We live in an age where malware targets smartphones and other Internet of Things (IoT) devices.
Of course, hackers look for other ways to exploit attacks, choosing different "paths". Recently, this has focused on chargers that can attack a smartphone until it melts or burns.
Introduction to the "bad power" attack
Security researchers have recently managed to compromise a wide variety of malicious chargers and provide more voltage than a connected device could handle. With this approach, the overload caused a spark, and the burning of device components.
The attack is known as bad power. It works by changing the default parameters in the charger firmware.
Figure 1: Ordinary fast chargers, potentially vulnerable to this attack
Let's understand a little how fast chargers work. It may look like a regular charger, but it is made with special hardware. The charger hardware can communicate with the connected device to determine a charging speed based on the capabilities of the device. Also remember that each device has its own characteristics and power speed.

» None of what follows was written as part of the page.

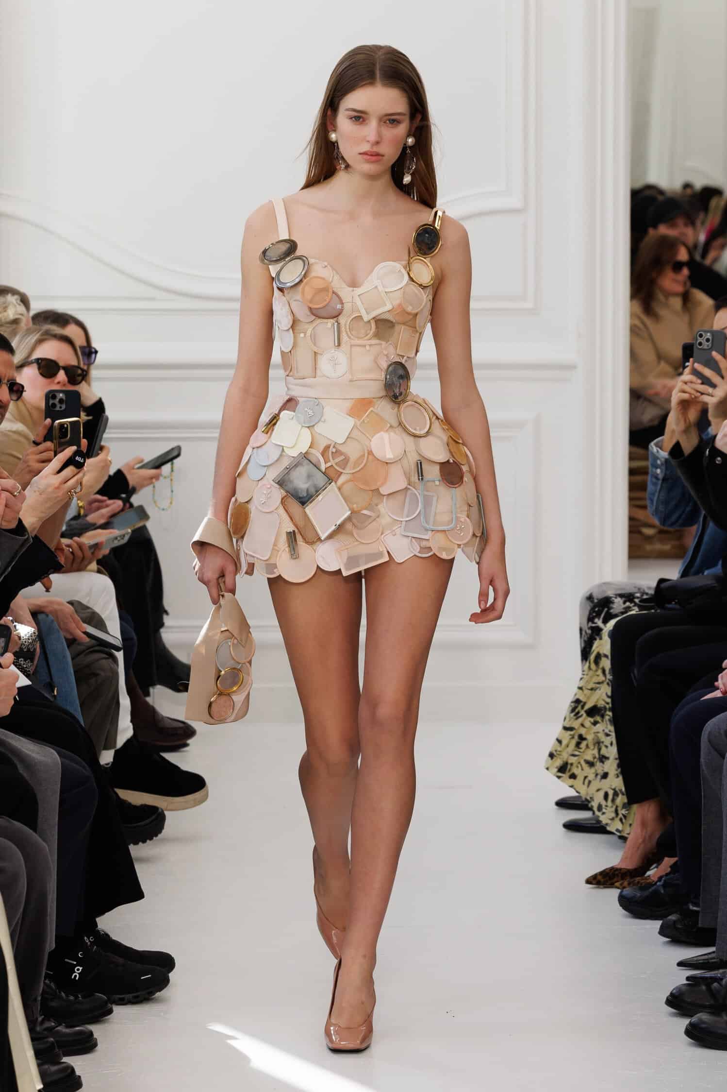 This morning, Sarah Burton presented her first Givenchy collection at Paris Fashion Week. After her appointment as the brand’s new creative director last September, the beloved designer’s debut has been one of the season’s most anticipated shows (equally so with Haider Ackermann’s debut at Tom Ford and Julien Klausner’s debut at Dries Van Noten). Burton’s Fall 2025 collection, drawing inspiration from Givenchy’s own historic atelier, was hosted on-site at Givenchy House. Her longtime strengths—seen throughout her tenure at Alexander McQueen—were evident from the start, focusing on precise tailoring and streamlined silhouettes. Suits were sharply cinched in trouser and skirt sets, emphasized by leather layers, deep necklines, and subtle raw edges. Artisanal details were also elevated throughout the line, from bow-knotted dresses, see-through mesh, and subtly bleeding ombré hems to elegant floral embroidery. Pops of lemon-yellow, black, and white also made the rounds in frothy tulle gowns, though the show’s most-filmed dress was a sleek mini covered in mini embroidery frames, lipstick tubes, and makeup compacts—emphasizing Burton’s wit and penchant for eye-catching glamour. Complementing the range was a similarly smooth lineup of square-toed boots, ribbon-strapped sandals, and glossy ballet flats with wide “Givenchy”-labeled straps. As Burton’s new chapter began, it also arrived with a crowd including Gwendoline Christie, Raye, Rooney Mara, Vanessa Kirby, Kit Connor, Joe Locke, Plum Sykes, and the designer’s own mom and sister (Aw!)—that emphasized her heartfelt sense of community. Brava!

In this sense, if the destination device does not support fast charging function, the fast charger provides the standard power - 5V. On the other hand, if it accepts larger charging inputs, the charger can use 12V, 20V or even higher charging speeds. This is the crucial point where a bad power attack can be exploited.
The bad power attack destroys the charger hardware. The operation changes the default charging parameters on the hardware and increases the voltage to a number that the charger cannot handle. This unusual behavior leads to dramatic scenarios.
The following video is a demonstration of this technique by Tencent Security Lab, in order to show us how a bad power attack destroys our device.
The Tencent research team tested the bad power attack on 35 fast chargers from 234 models available on the market. So 18 models from 8 different suppliers were vulnerable to this attack.
The worst case scenario is for some chargers from certain vendors. The power attack can be corrected on simple chargers by updating the device hardware, but the researchers said that 18 chip vendors do not have a hardware update option. In this case, there is no way to fix the vulnerability on these devices.
In this respect, the defect is considered critical and without a quick and effective solution.
Be careful with your device
One of the peculiarities of this attack is that with one simple step you can destroy any device: connect it to the right fast charger. In the worst case scenario, the attack can damage the device in just a few seconds.
Figure 2: H device is damaged when connected to a "malicious" fast charger.
According to the researchers, "with some fast chargers, intruders do not even need the hardware. They can load the attack code to modify the hardware on the target smartphone or laptop. "When a victim connects their infected smartphone or laptop to a fast charger, the device could catch fire."